Even the new ultraslim 20-inch IBM L200 UXGA monitor retails on their Web site at a standard US$ 1350 price, and you can imagine that IBM's real street price will probably be quite a bit lower than this. And that is from a vendor considered to be expensive.
The features are getting better too: S-Video input is seen more often, allowing you to connect your digital video camera, S-VHS video or DVD player directly to the monitor for quality display without TV flicker. Bulky AC power adapters are rarely seen, often integrated into the monitor casing.
Interestingly, the marketspace this year seems to be "standardising" on several size and resolution formats, rather than a mishmash of various choices.

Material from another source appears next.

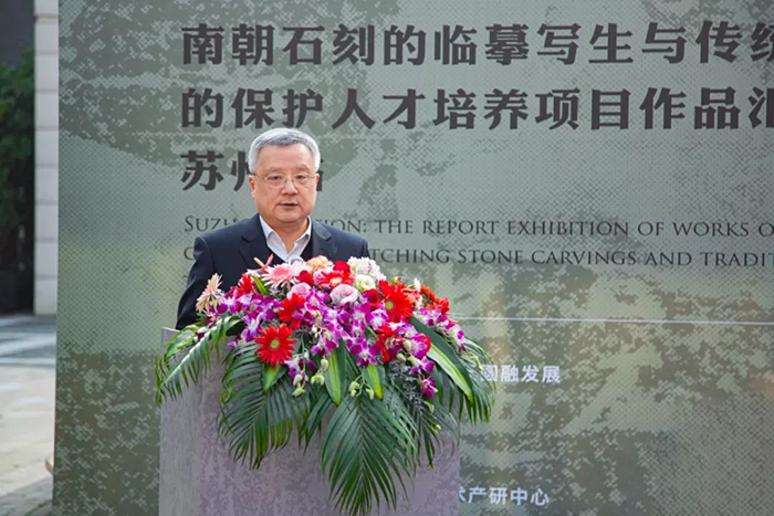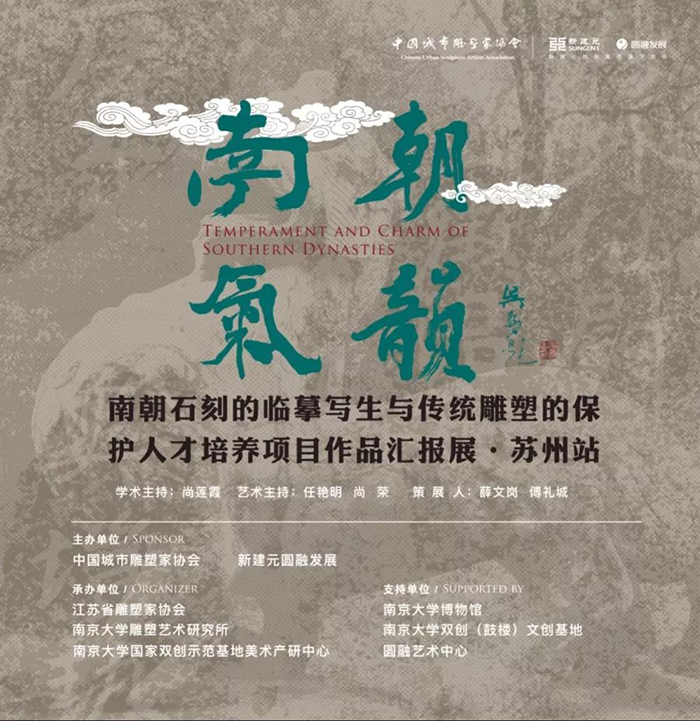南京大學(xué)雕塑藝術(shù)研究所李巖將石刻作《月下松濤醉——陶淵明》贈與圓融藝術(shù)中心永久珍藏。最后,由在場(chǎng)領(lǐng)導和藝術(shù)家共同剪彩,見(jiàn)證“南朝氣韻——南朝石刻的臨摹寫(xiě)生與傳統雕塑的保護人才培養項目作品匯報展·蘇州站”正式拉開(kāi)帷幕。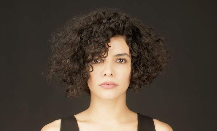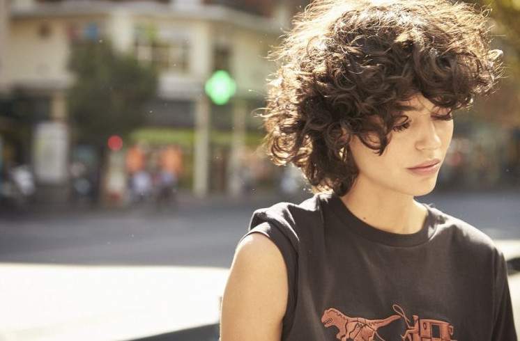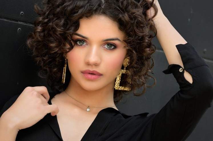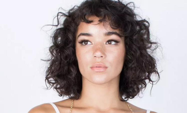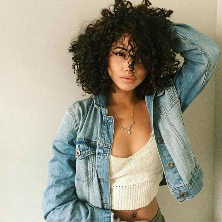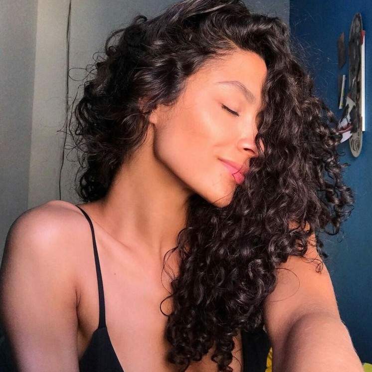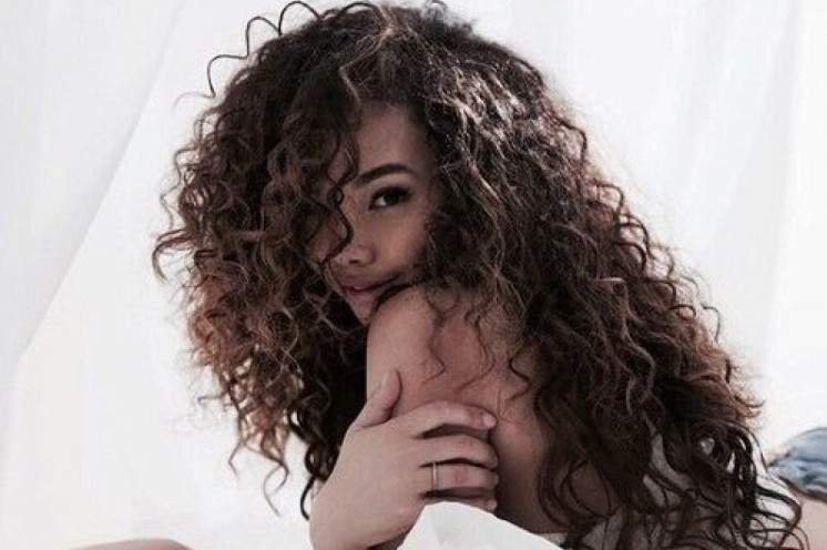 Девушка с темными кучерявыми волосами.

For instance, the dominant sizes now seem to be 17-inch and 18-inch SXGA and 20-inch UXGA. Samsung does offer 21-inch UXGA and 24-inch HDTV 1080i compatible UXGA-W 1920x1200 monitors, and Viewsonic has 23-inch ultralarge UXGA monitor, too (they also OEM the IBM T221 under their own name). Who knows, 30-inch LCD models could be on the cards this year, too.
IBM decided to cut their unique 21-inch T210 QXGA 2048x1536 model as it was hard to get the graphics drivers to create custom ~45 Hz refresh for the DVI input, which is simply too slow for anything above 1600x1200 60 Hz or 1280x1024 75 Hz.
And that's where we come to one potentially major problem: the 160 MHz DVI bandwidth limitation. We already saw the problem with the IBM T221, a monitor ahead of its time, where even if you combine four DVI inputs into the single monitor (quad-tile or quad-stripe approach), you would only get something like 45 Hz refresh. And, please, find me one good real-time 3-D card with four DVI connectors right now...
So, as UXGA 1600x1200 becomes a performance PC & workstation mainstream standard later this year, what will be above it as the top-range norm? While creating some short-term price competition for itself, IBM did make a good move by OEMing the huge 3840x2400 QUXGA-W 22.2-inch LCD to Viewsonic, as this could propel this resolution level to the next super-res standard for LCD, maybe even at larger sizes (25 inch and above).
This would also give impetus to the creation of a high-speed successor to DVI, hopefully with at least six times the bandwidth to drive monitors like T221 and beyond at decent refresh rates. 1+ GHz digital video bandwidth, anyone?